History

United States
- Name: USS Merrimack
- Builder: Association of Newburyport Shipwrights, Newburyport, Massachusetts
- Launched: 12 October 1798
- Commissioned: December 1798
- Decommissioned: April 1801
- Fate: Sold 1801
- Notes: Subsequently lost as merchant ship Monticello

General characteristics
- Tonnage: 460 or 530
- Propulsion: Sails
- Complement: 220 officers and enlisted
- Armament: 20 × 9-pounder guns; 8 × 6-pounder guns;

= USS Merrimack (1798) =

American Navy ship

USS Merrimack was a ship launched by an Association of Newburyport Shipwrights and presented to the Navy in 1798. She was the first ship of the Navy to be named for the Merrimack River. She saw action in the Quasi-War.

==Service history==
Captain Moses Brown commanded Merrimack when she was placed in service in December 1798. She departed Boston on 3 January 1799 for the Windward Islands to protect American merchantmen in the Caribbean during the naval war with France. She arrived Prince Rupert Bay on the 20th, and, for the next two years, cruised in the West Indies and escorted convoys to the United States.

On 26 March 1799, she recaptured American brig "Harmony" that had been captured by French privateer schooner "La Resolue" and escorted her to Martinico. On 28 June 1799, she took her first prize L'Magicienne, the former American navy schooner USS , captured on 20 November 1798 and taken into the French Navy. She took French letter-of-marque schooner Bounaparte 7 August and, with and , recaptured American schooner John on the 15th, after that ship had struck her colors to French privateer Revelleiu the day before. On 25 September 1799, she recaptured British schooner "Charming Nancy" that had been captured by a French privateer, later in the day she recaptured American sloop "Elizabeth" that the French had taken. On 8 December 1799, arrived at Cape Ann, Massachusetts, and then on into Boston. After returning to the West Indies, sometime before 24 April 1800, she recaptured American brig "Ann".
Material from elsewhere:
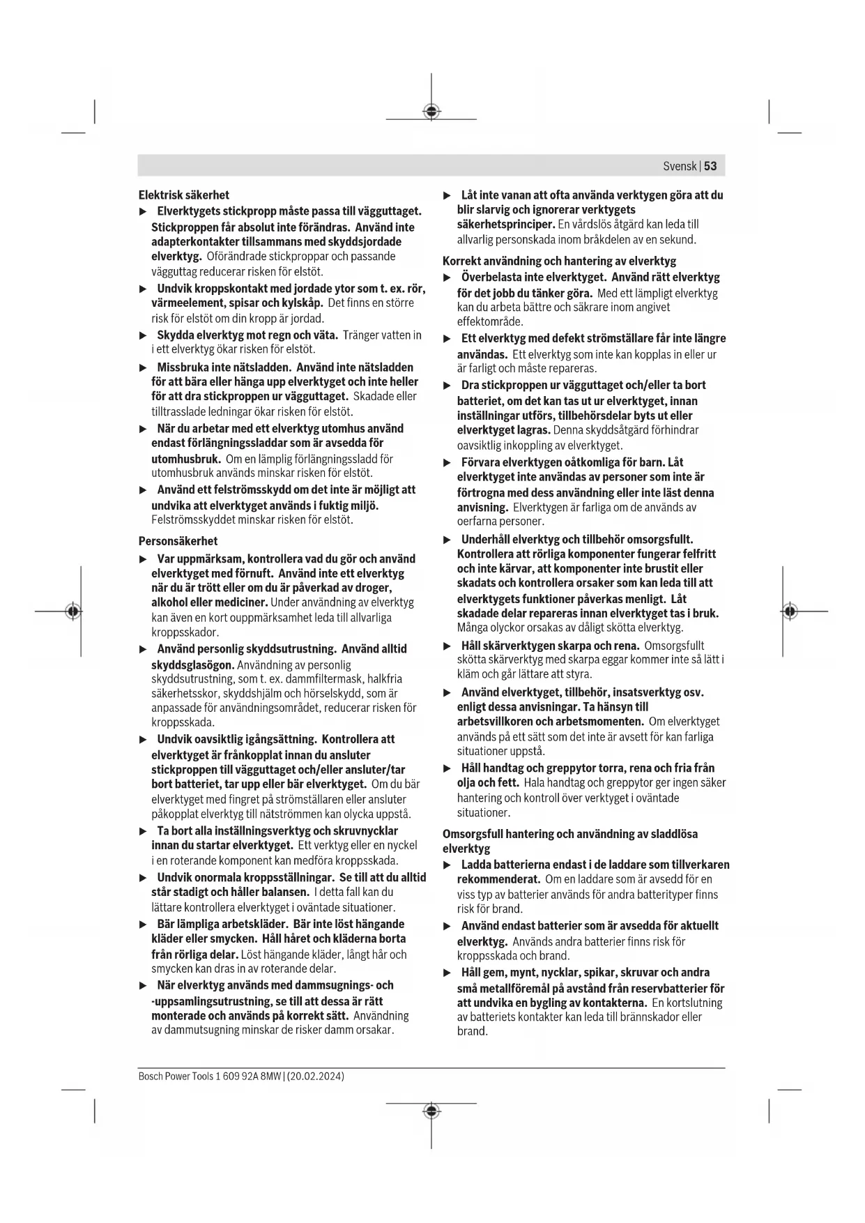 Lägg slippappret spänt över slipplattan (3). Kläm fast den främre delen av slipbladet under den främre klämlisten (7). Se till att slipbladet (6) inte är för kort Bosch Power Tools 1 609 92A 8MW | (20.02.2024)56 | Svensk och kläms fast korrekt. Sväng tillbaka plintbygeln (4) till utgångsläget och lås den där. Ohålade slipblad från t.ex. rull- och metervara kan du håla med hålverktyget (17) för dammsugningen. För att göra det trycker du på elverktyget med monterat slipblad på hålverktyget (se bild F). För att ta av slipbladet (6) lossar du båda plintbyglar (4) och drar ut slipbladet ur sin hållare. Val av slipblad Olika slipblad finns tillgängliga beroende på vilket material som används och önskad avverkning: Kornstorlek För bearbetning av samtliga trämaterial 40 – 180 För förslipning, t.ex. av obearbetade, ohyvlade balkar och brädor grov 40 För planslipning och utjämning av mindre ojämnheter medel 80, 120 För slut- och finslipning av hårt trä fin 180 För bearbetning av färg- och lackskikt resp. grundning som fyllning och spackel 40 – 180 För avslipning av färg grov 40 För slipning av grundfärg medel 80, 120 För slutslipning av grundfärg innan lackering fin 180 För efterbearbetning resp. polering, särskilt av metall och sten, använd filt/poleringsfilt. Beroende på önskad yta på arbetsstycket ska olika filttyper resp. poleringsfilter användas. Damm-/spånutsugning Dammet från material som t.ex. blyhaltig målning, vissa träslag, mineraler och metall kan vara hälsovådligt. Beröring eller inandning av dammet kan orsaka allergiska reaktioner och/eller andningsbesvär hos användaren eller personer som uppehåller sig i närheten. Vissa damm från ek eller bok anses vara cancerogena, speciellt då i förbindelse med tillsatsämnen för träbehandling (kromat, träkonserveringsmedel). Endast yrkesmän får bearbeta asbesthaltigt material. – Använd om möjligt en för materialet lämplig dammutsugning. – Se till att arbetsplatsen är väl ventilerad. – Vi rekommenderar ett andningsskydd i filterklass P2. Beakta de föreskrifter som i aktuellt land gäller för bearbetat material. u Undvik dammanhopning på arbetsplatsen. Damm kan lätt självantändas. Eget utsug med dammbox (se bild E1–E4) Sätt dammboxen (1) på utblåsstutsen (15) tills den snäpper fast. För att tömma dammboxen (1), dra av den neråt. Innan stoftboxen (1) öppnas bör du knacka stoftboxen mot ett fast underlag för att lossa stoftet från filterelementet. Ta tag i handtaget på dammboxen (1), fäll filterelementet (16) uppåt och töm dammboxen. Rengör lamellerna på filterelementet (16) med en mjuk borste. Extern utsugning Sugen måste vara lämplig för det material som ska bearbetas. Använd en specialsug för att suga hälsovådligt och cancerframkallande eller torrt damm. Drift Driftstart In- och urkoppling u Se till att du kan manövrera på-/av-strömbrytaren utan att släppa handtaget. För att slå på elverktyget, skjut på-/av-knappen (8) åt höger till position ”I”. För att stänga av elverktyget, skjut på-/av-knappen (8) åt vänster till position ”O”. Indikering batteristatus De tre gröna LED-lamporna på batteristatusindikeringen (10) visar batteriets laddstatus (11). Avsäkerhetsskäl kan man endast kontrollera batteristatus när elverktyget är stilla. Tryck på knappen (9) för att visa laddningsnivå. Detta är möjligt även då batteriet (11) är uttaget. LED Kapacitet Fast ljus 3× grönt ≥66% Fast ljus 2× grönt ≥33% Fast ljus 1× grönt <33% Blinkande ljus 1× grön Reserv Om ingen LED-lampa lyser efter ett tryck på knappen (9) är batteriet defekt och måste bytas ut. Temperaturberoende överbelastningsskydd Elverktyget kan inte överbelastas om användning sker enligt föreskrifterna. Vid en alltför kraftig belastning eller överskridande av den tillåtna batteritemperaturen stänger elektroniken av elverktyget tills det har återgått till det optimala driftstemperaturområdet. Arbetsanvisningar u Ta ut batteriet ur elverktyget innan alla arbeten på det (t.ex.underhåll, verktygsbyte, osv.). Om strömbrytaren oavsiktligt påverkas finns risk för personskada. u Vänta tills elverktyget stannat helt innan du lägger bort det. 1 609 92A 8MW | (20.02.2024) Bosch Power ToolsNorsk | 57 Avverkning vid slipning beror i huvudsak på val av slipblad. Endast felfria slipblad ger en god slipeffekt och skonar samtidigt elverktyget. Ett jämnt anliggningstryck förlänger slipbladens livslängd. En överdriven ökning av presstrycket leder inte till en högre slipeffekt, utan till ett kraftigare slitage av elverktyget och kan leda till att slipplattan blir uttjänta i förtid. Ett slipblad, som använts för slipning av metall får inte längre användas för andra material. Använd endast originaltillbehör från Bosch. Anvisningar för korrekt hantering av batterimodulen Skydda batterimodulen mot fukt och vatten. Batteriet får endast lagras inom ett temperaturområde mellan –20 °C till 50 °C. Låt därför inte batterimodulen t. ex. på sommaren ligga kvar i bilen. Rengör vid tillfälle batterimodulens ventilationsöppningar med en mjuk, ren och torr pensel. Är brukstiden efter uppladdning onormalt kort tyder det på att batterierna är förbrukade och måste bytas mot nya. Beakta anvisningarna för avfallshantering. Underhåll och service Underhåll och rengöring u Ta ut batteriet ur elverktyget innan alla arbeten på det (t.ex.underhåll, verktygsbyte, osv.). Om strömbrytaren oavsiktligt påverkas finns risk för personskada. u Håll elverktyget och dess ventilationsöppningar rena för bra och säkert arbete. Kundtjänst och applikationsrådgivning Kundservicen ger svar på frågor beträffande reparation och underhåll av produkter och reservdelar. Explosionsritningar och informationer om reservdelar hittar du också under: www.bosch-pt.com Boschs applikationsrådgivnings-team hjälper dig gärna me

Merrimack recaptured American brig Ceres, 6 June 1800, after it had been taken by L'Hazard on 18 May 1800. On arriving off Curaçao, 22 September, she found that a French force of 16 ships from Guadeloupe was besieging the city with 1,400 men. That evening, with , Merrimack stood into the harbor through heavy fire from French cannon and muskets. The American gunners replied with great spirit driving the enemy troops from their guns, but from time to time, during the night, the French soldiers renewed the cannonade. The next morning, the French troops reembarked in confusion and fled.
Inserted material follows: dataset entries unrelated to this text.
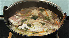 鯛を一尾丸ごとご飯と一緒に炊き上げる
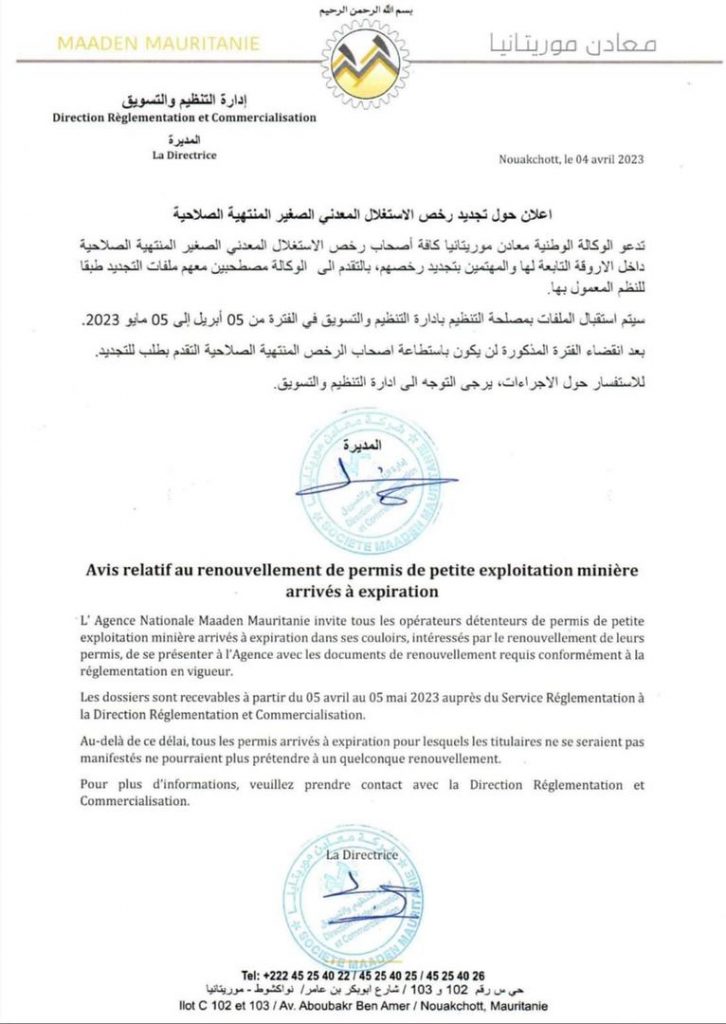 معادن موريتانيا: إعـــــلان حول تجديد رخص الاستغلال المعدني الصغير المنهية الصلاحية
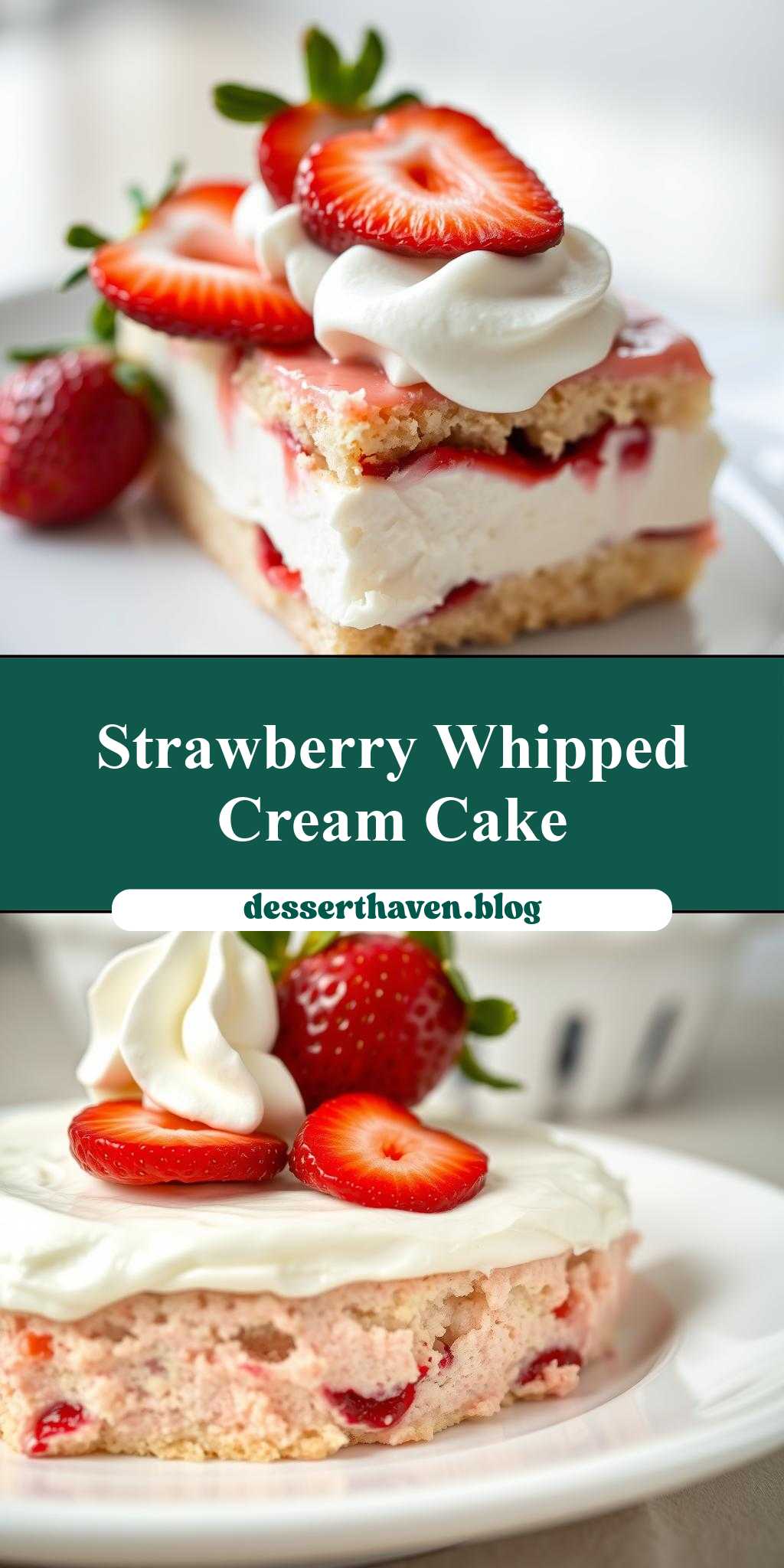 A moist and flavorful strawberry poke cake topped with whipped cream and fresh strawberries, perfect for any occasion.

Merrimack captured French privateer sloop Phoenix on 20 October 1800, and later in the year took French privateer brig "Brilliant" (before 3 December). A list of American prizes credits Merrimack with recapturing British schooner Godfrey, but gives no details about the action.
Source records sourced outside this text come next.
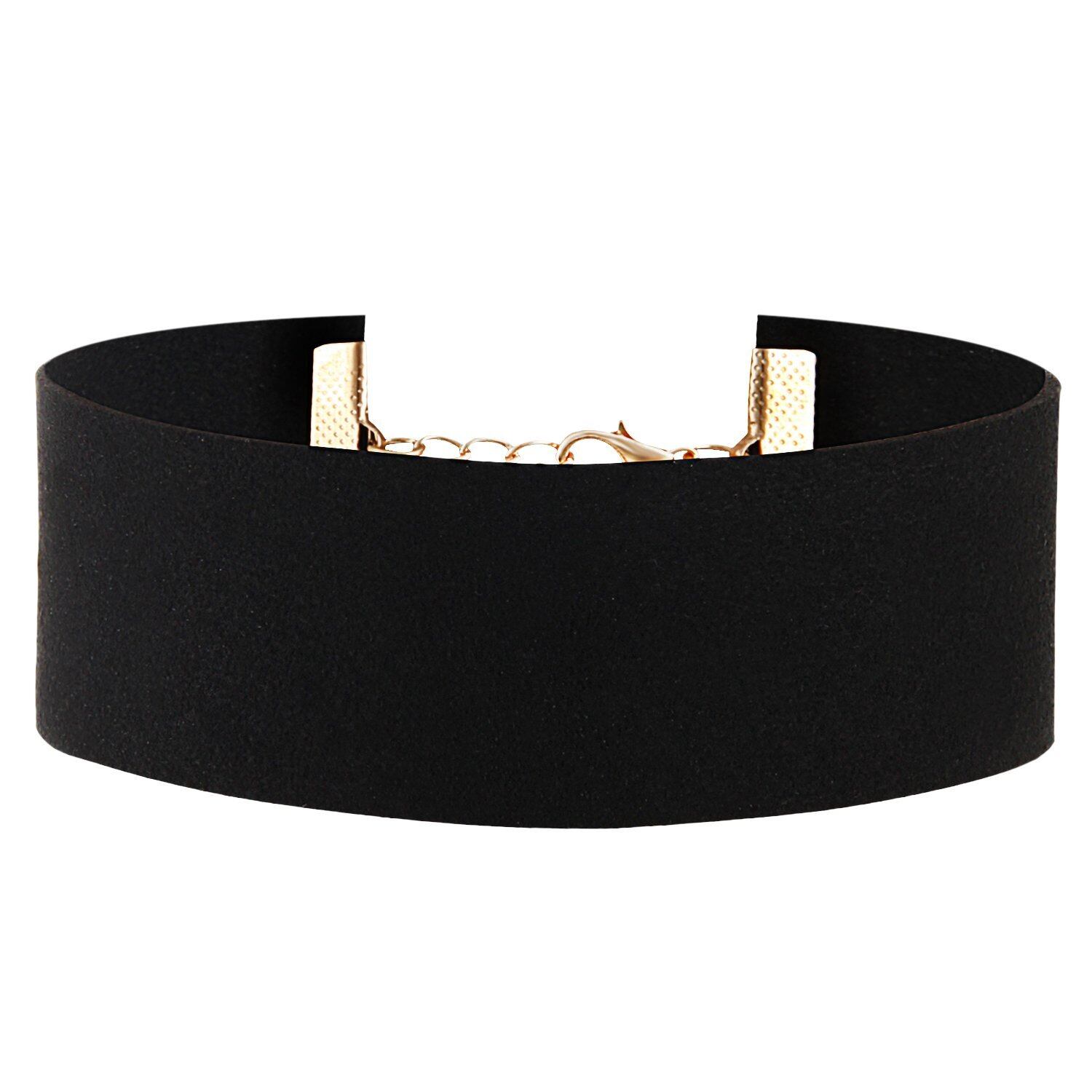 JewelryWe ファション アクセサリー レディース 首輪 ネックレスチョーカー レザー 欧米風 パンク系 可愛い お洒落 [幅]35MM ブラック
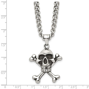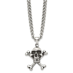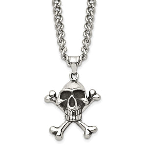 Stainless Steel Antiqued Skull and Crossbones Necklace 24 Inch
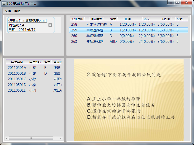 3 after classTeachers use classroom record viewing tool toview and count answer record file. In addition to classroom applications, thesystem is also applied to include interactive entertainment, conference voting,electing personnel, project evaluation and coneitec score.
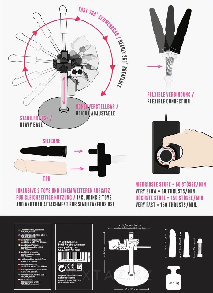 Этот красавец оснащен мощнейшим бесшумным мотором, который обеспечит вам до 150 фрикций в минуту. Идеально подходит как для вагинального, так и для анального проникновения. Для интимного разнообразия машина поставляется с двумя насадками. Для вашего удовольствия производитель предоставляет реалистик телесного цвета и черный анальный фаллоимитатор.
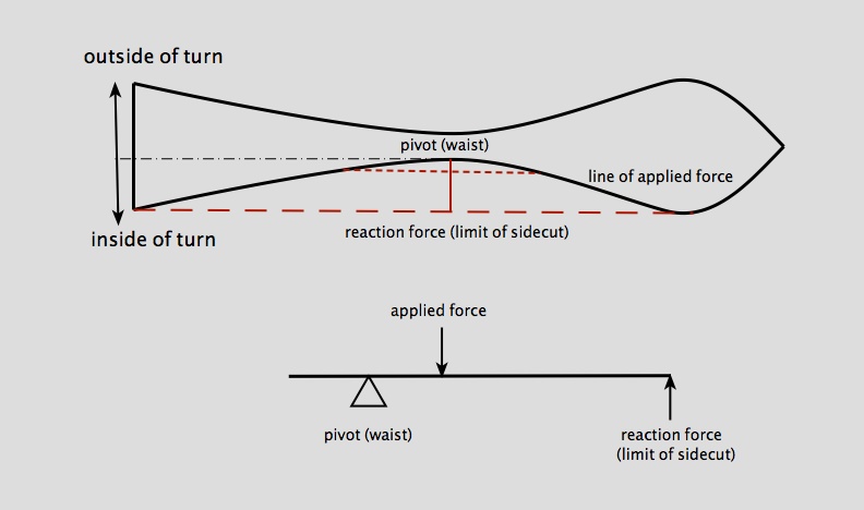 Если исключить силу и рассмотреть сферическую в вакуме доску и плотную поверхность, то при закантовке на угол N для контакта талии с поверхностью доску необходимо прогнуть до некоего минимального радиуса. Макс Петров помнится в свое время приводил простую формулу, что этот радиус пропорционален оригинальному умноженному на косинус угла закантовки. Т.е. при 60 градусах закантовки слаломка с 9 метровым моно-радиусом может поехать по радиусу не более 4.5 - иначе это не карвинг. Т.е. она должна при это быть изрядно прогнута.

In a letter dated 20 February 1801 to Josiah Parker, chairman of the Committee on Naval Affairs, Navy Secretary Stoddert recommended selling her. She was ordered to be placed in ordinary on 26 February. She was stripped of naval equipment and sold in 1801 at Boston for $21,154.50. Subsequently, while operating in merchant service under the name Monticello, the ship was lost off Cape Cod, Massachusetts the same year.